Note: pricing fluctuates wildly, and I won't assert specific amounts here. Understanding each vendor's billing model (what you're billed for) is the key to a no-regret selection. Always confirm the latest amounts on each vendor's official pricing page.
1. TL;DR — which to choose (one line each)
- AWS Cognito — if you're already AWS-centric and need enterprise SSO (SAML/OIDC federation) and fine-grained custom authentication, the first candidate.
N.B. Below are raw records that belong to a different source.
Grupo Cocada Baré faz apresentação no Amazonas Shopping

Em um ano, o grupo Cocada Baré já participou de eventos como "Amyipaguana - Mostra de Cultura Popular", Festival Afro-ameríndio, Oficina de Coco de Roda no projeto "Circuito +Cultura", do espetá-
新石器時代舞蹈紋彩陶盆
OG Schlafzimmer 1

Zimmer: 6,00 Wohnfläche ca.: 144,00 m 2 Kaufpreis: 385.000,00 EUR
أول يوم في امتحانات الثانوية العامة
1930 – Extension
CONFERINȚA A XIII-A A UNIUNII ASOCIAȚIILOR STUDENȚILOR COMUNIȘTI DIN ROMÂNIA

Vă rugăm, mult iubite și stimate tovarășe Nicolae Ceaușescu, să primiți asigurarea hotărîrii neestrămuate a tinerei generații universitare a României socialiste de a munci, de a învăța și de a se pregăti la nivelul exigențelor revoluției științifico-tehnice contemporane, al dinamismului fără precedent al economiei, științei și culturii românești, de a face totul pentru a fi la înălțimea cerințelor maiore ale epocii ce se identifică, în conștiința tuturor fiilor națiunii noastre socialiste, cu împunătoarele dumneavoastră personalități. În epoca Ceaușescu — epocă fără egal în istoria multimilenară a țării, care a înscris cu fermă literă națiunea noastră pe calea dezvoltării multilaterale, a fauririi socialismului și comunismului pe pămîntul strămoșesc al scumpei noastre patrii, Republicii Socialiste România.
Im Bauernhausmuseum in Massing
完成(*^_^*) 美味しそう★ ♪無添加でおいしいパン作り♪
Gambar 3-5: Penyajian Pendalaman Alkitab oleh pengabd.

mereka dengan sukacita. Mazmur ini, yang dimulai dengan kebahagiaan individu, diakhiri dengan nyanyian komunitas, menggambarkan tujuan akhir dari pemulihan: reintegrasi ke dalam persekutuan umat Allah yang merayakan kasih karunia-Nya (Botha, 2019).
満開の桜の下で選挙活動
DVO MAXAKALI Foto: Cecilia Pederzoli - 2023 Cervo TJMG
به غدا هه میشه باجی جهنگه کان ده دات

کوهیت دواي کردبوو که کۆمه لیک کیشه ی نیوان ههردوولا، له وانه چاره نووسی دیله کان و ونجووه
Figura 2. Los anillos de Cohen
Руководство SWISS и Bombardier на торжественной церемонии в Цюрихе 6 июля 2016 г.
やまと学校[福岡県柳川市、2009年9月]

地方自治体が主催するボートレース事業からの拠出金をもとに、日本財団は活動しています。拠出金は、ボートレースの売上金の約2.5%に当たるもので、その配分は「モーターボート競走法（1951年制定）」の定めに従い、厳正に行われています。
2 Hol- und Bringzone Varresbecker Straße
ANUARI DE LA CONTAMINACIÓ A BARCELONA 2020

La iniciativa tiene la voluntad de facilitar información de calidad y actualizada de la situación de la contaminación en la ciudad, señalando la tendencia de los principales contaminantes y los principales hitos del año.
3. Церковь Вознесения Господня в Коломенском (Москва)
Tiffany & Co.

The DX is rough, but data sovereignty, cost efficiency, and integration with AWS services are powerful.
- Auth0 — best if your center of gravity is a B2B multi-tenant SaaS with requirements like "federate with a different IdP per customer company" or "manage by Organizations." The most mature feature-wise, hence premium pricing.
- Clerk — overwhelming if you want to launch B2C/startups fastest on Next.js. The developer experience (DX) of pre-built UI and middleware is in a class of its own. Cost tends to rise as MAU grows.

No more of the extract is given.